Genetic variation in prostate-specific antigen-detected prostate cancer and the effect of control selection on genetic association studies

Duleeka W Knipe, David M Evans, John P Kemp, Rosalind Eeles, Douglas F Easton, Zsofia Kote-Jarai, Ali Amin Al Olama, Sara Benlloch, Jenny L Donovan, Freddie C Hamdy, David E Neal, George Davey Smith, Mark Lathrop, Richard M Martin

Research output: Contribution to journalArticle (Academic Journal)peer-review

26 Citations (Scopus)

Abstract

BACKGROUND: Only a minority of the genetic components of prostate cancer risk have been explained. Some observed associations of SNPs with prostate cancer might arise from associations of these SNPs with circulating prostate-specific antigen (PSA) because PSA values are used to select controls.

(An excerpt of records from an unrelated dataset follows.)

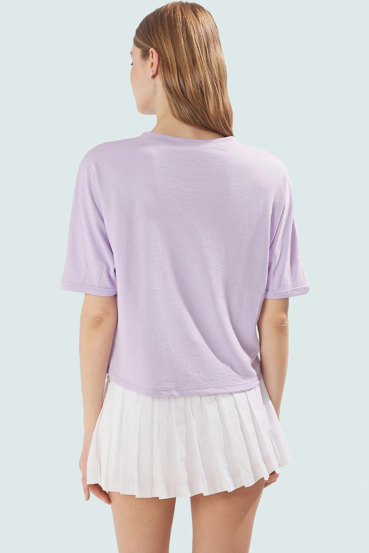 Sıcak yaz günlerinde serin ve şık görünmenizi sağlayacak bu mor crop bluz, benzersiz scuba kumaş dokusuyla dikkat çekiyor. Bisiklet yakası ve düşük kolları ile rahat bir kullanım sunarken, regular kalıbı sayesinde her vücut tipine uyum sağlıyor. %50 polyester ve %50 viskoz karışımı olan yumuşak scuba kumaş, nefes alabilir yapısıyla gün boyu konforlu hissetmenizi garantiliyor. Crop boyu, modern ve tarz bir görünüm yaratırken, düz desen ile her türlü alt parçayla kolayca kombinlenebilir.
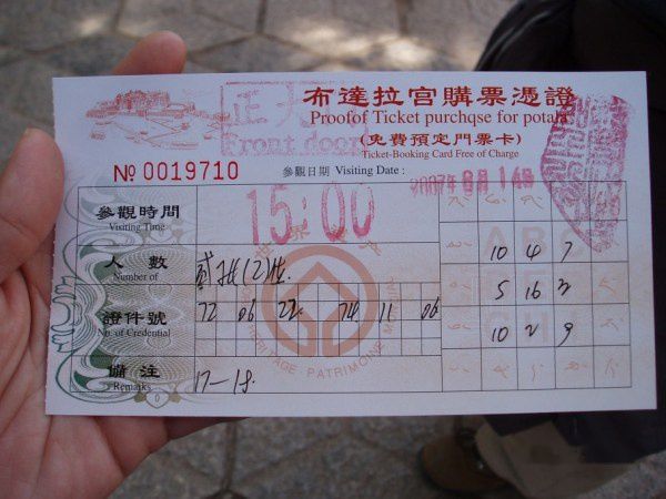 我们领到的布达拉宫购票证印着3点入场,我们提早一个小时到了布达拉宫宫墙正门,出示了购票证,守卫的验票程序很严谨,必须核对身分证、护照等有効证件。
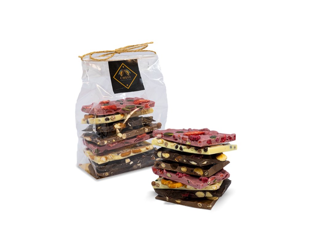 Ochutnejte náš bestseller — jedinečný Mix lámané čokolády od Cheff Chocolate Bar, ručně vyrobený z prémiových belgických čokolád s lahodnými přísadami: ořechy, semínky, ovocem a křupinkami.
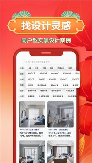 浏览千万屋主分享的真实装修案例和图集,按照面积、户型、预算、风格等条件,筛选出你想参考的理想装修设计,参考真实可靠的装修预算清单,快速找到适合自己的装修风格。
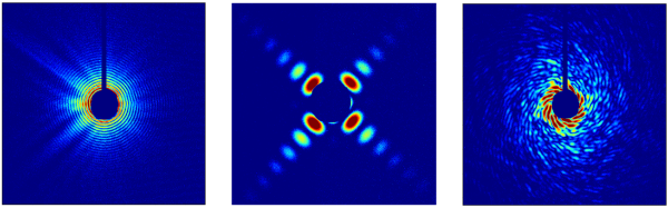 图1.标准样品圆孔、方孔及鹦鹉螺图案的相干衍射图样

METHODS: We undertook a genome-wide association study (GWAS) of screen-detected prostate cancer (ProtecT: 1,146 cases and 1,804 controls); meta-analyzed the results with those from the previously published UK Genetic Prostate Cancer Study (1,854 cases and 1,437 controls); investigated associations of SNPs with prostate cancer using either "low" (PSA < 0.5 ng/mL) or "high" (PSA ≥ 3 ng/mL, biopsy negative) PSA controls; and investigated associations of SNPs with PSA.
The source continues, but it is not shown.